GetListOfLeaves() for branches with vectors

Hello,

I am trying to read a dummy tree with two branches: the first one, with name ‘particle’, contains objects of some class (Susy::Particle, but in general it could be any non-basic type); the second one, with name ‘partVec’, contains a std::vector of the same type of objects. The dictionary for this object is generated with rootcint, and loaded at runtime as a shared library.
What I am trying to do is:

  • determine the type of each leaf
  • allocate an object of that type
  • do a TBranch::SetBranchAddress(AddressOf(object)) and read the tree re-using the object initially allocated

While this seems to be doable for the branch with a single object, I am having some difficulty with the case where the branch holds a vector. In particular, I cannot determine the type with

br.GetLeaf(l.GetName()).GetTypeName().
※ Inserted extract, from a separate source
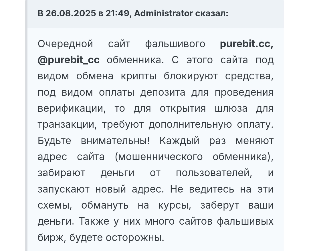 Пункт обмена криптовалют Purebit Cc, отзывы пользователей об обменнике Пуребит

An example code showing this is below:

#!/bin/env python                                                                                                                                                                                         

import ROOT as r

r.gSystem.Load("libPhysics.so")
r.gSystem.Load("/tmp/supy-dev/supy//cpp/libSusy.so")
filename='/tmp/supy-dev/supy/tests/wrapobject/nonflat_typetree.root'
f = r.TFile.Open(filename)
tree = f.tree
branchnames = ['particle','partVec']

line = '-'*64
buffers = {}

for branchname in branchnames :
    print line
    br = tree.GetBranch(branchname)
    print 'branch ',branchname,' with type ',type(br)
    print 'list of leaves for branch ',br.GetName()
    for l in br.GetListOfLeaves():
        lname, ltype = l.GetName(), br.GetLeaf(l.GetName()).GetTypeName()
        print '-> ',lname,' with type ',ltype
        # # the following two lines do not work for vectors                                                                                                                                               
        # rootKnownType = getattr (r, ltype)                                                                                                                                                              
        # buffers[lname] = rootKnownType()                                                                                                                                                                
print line
print 'rely on PyROOT automagic'
tree.GetEntry(0)
for bn in branchnames :
    br = getattr(tree, bn)
    print 'tree.',bn,' : ',type(br)

producing this output:

$ python dumpinfo.py
----------------------------------------------------------------
branch  particle  with type  <class '__main__.TBranchElement'>
list of leaves for branch  particle
->  particle  with type  Susy::Particle
----------------------------------------------------------------
branch  partVec  with type  <class '__main__.TBranchElement'>
list of leaves for branch  partVec
->  partVec_  with type  Int_t
----------------------------------------------------------------
rely on PyROOT automagic
tree. particle  :  <class '__main__.Susy::Particle'>
tree. partVec  :  <class '__main__.vector<Susy::Particle,allocator<Susy::Particle> >'>

I do not understand why the “vector branch” apparently has one leaf with type ‘Int_t’.
However, I see that the default PyROOT branch access can correctly determine that the branch holds a “vectorSusy::Particle”, so it should be possible to do the same in my test.
Could someone please advise me on how this can be done?

Best regards,

Davide

P.S. the code to create the dummy tree is available at the following link, although what I describe is not specific to this tree or class:
github.com/elaird/supy/blob/dev … lat.py#L46
The dictionary generation happens here : github.com/elaird/supy/blob/dev … p/Makefile

Hi,

the relevant code from TTreeGetAttr from Pythonize.cxx:[code]
// search for branch first (typical for objects)
TBranch* branch = tree->GetBranch( name );
if ( ! branch ) {
// for benefit of naming of sub-branches, the actual name may have a trailing '.'
branch = tree->GetBranch( (std::string( name ) + ‘.’ ).c_str() );
}

  if ( branch ) {
  // found a branched object, wrap its address for the object it represents
     TClass* klass = TClass::GetClass( branch->GetClassName() );
     if ( klass && branch->GetAddress() )
        return BindRootObjectNoCast( *(char**)branch->GetAddress(), klass );
  }[/code]

So, for objects, you’ll want to use branch.GetClassName(), instead of the type name returned by the leaf.

HTH,
Wim

Thank you, Wim!
That’s exactly what I was trying to do.
Cheers,

Davide